### EXERCISE DIRECTIONS
Line by line, repeat the data below exactly, beginning at the first line and ending at the line with "Ego INSECTA szmaragd/fuksja". Omit pictures.

### DATA EXTRACT
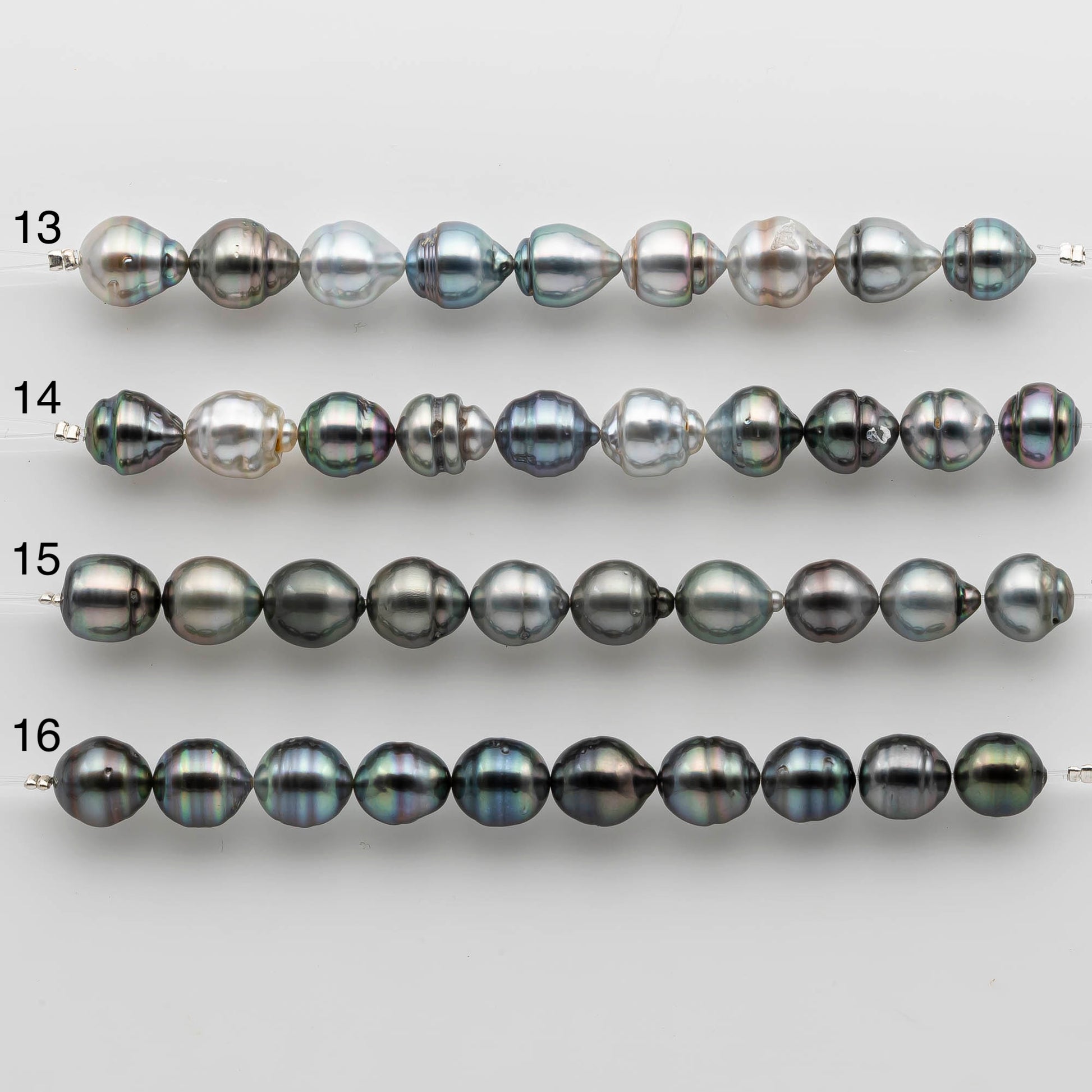 Tahitian Pearl in short strand for beading or jewelry making. These are beautiful pearls with lusters and blemishes. Tahitian pearls are referred as black pearls, but they come in different tones of natural colors. The colors are peacock, green, blue, black, grey, or light grey.
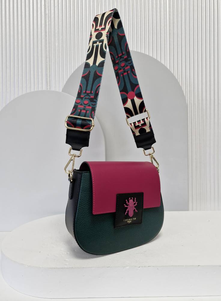 Ego INSECTA szmaragd/fuksja /czarna skóra naturalna
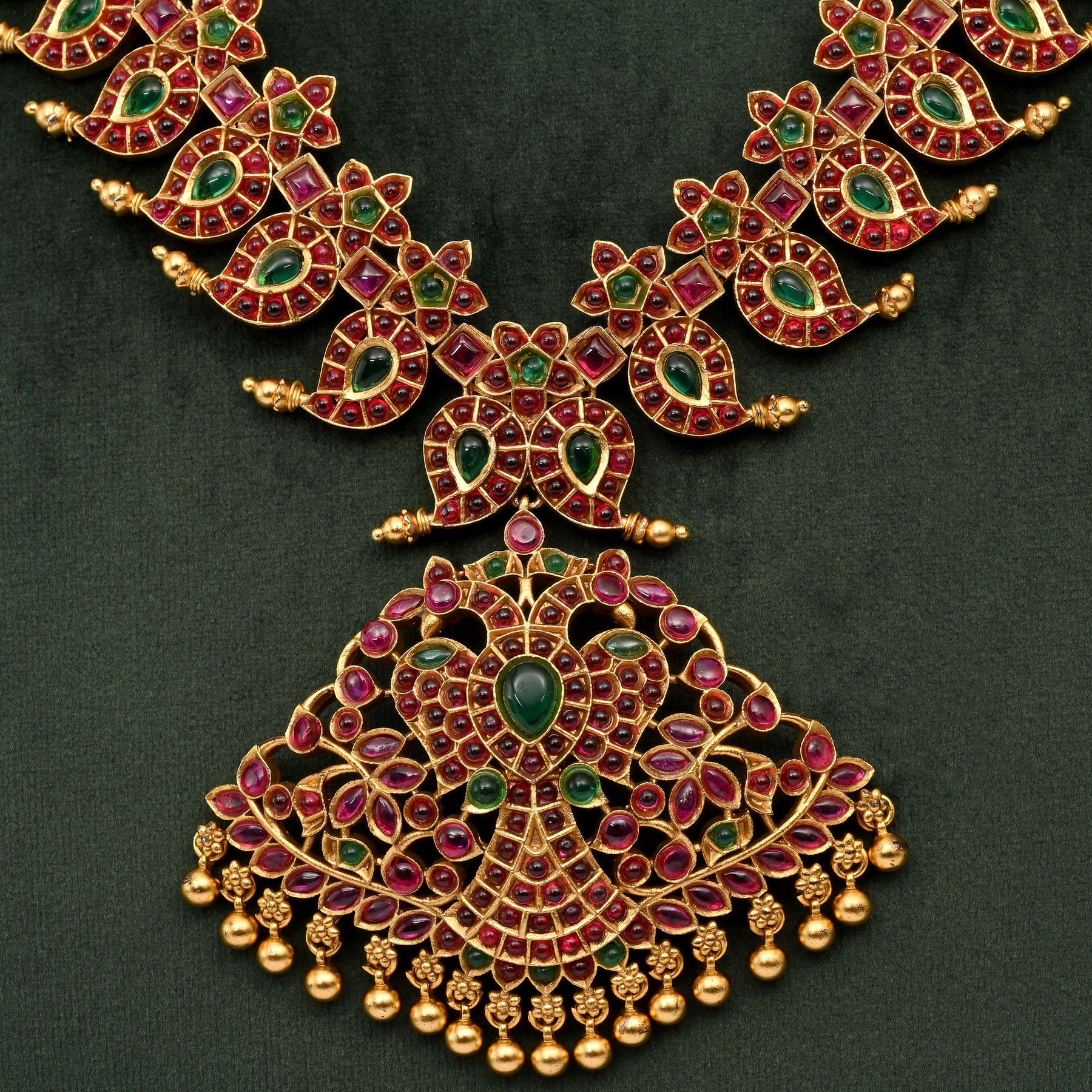 Elevate your traditional ensemble with this exquisite Temple Necklace Set, crafted in lustrous gold finish. Each piece showcases authentic nakshi artistry—intricate hand-carved detailing that reflects centuries of jewelry-making heritage. The ornate temple design features traditional motifs, making it a distinctive statement piece perfect for festivals, weddings, and special occasions. Handcrafted with meticulous attention to detail, this one-of-a-kind set combines timeless elegance with artisanal craftsmanship. A treasured addition to any jewelry collection that celebrates cultural artistry and refined taste.

### SOLUTION TO THIS PROBLEM
 Tahitian Pearl in short strand for beading or jewelry making. These are beautiful pearls with lusters and blemishes. Tahitian pearls are referred as black pearls, but they come in different tones of natural colors. The colors are peacock, green, blue, black, grey, or light grey.
 Ego INSECTA szmaragd/fuksja /czarna skóra naturalna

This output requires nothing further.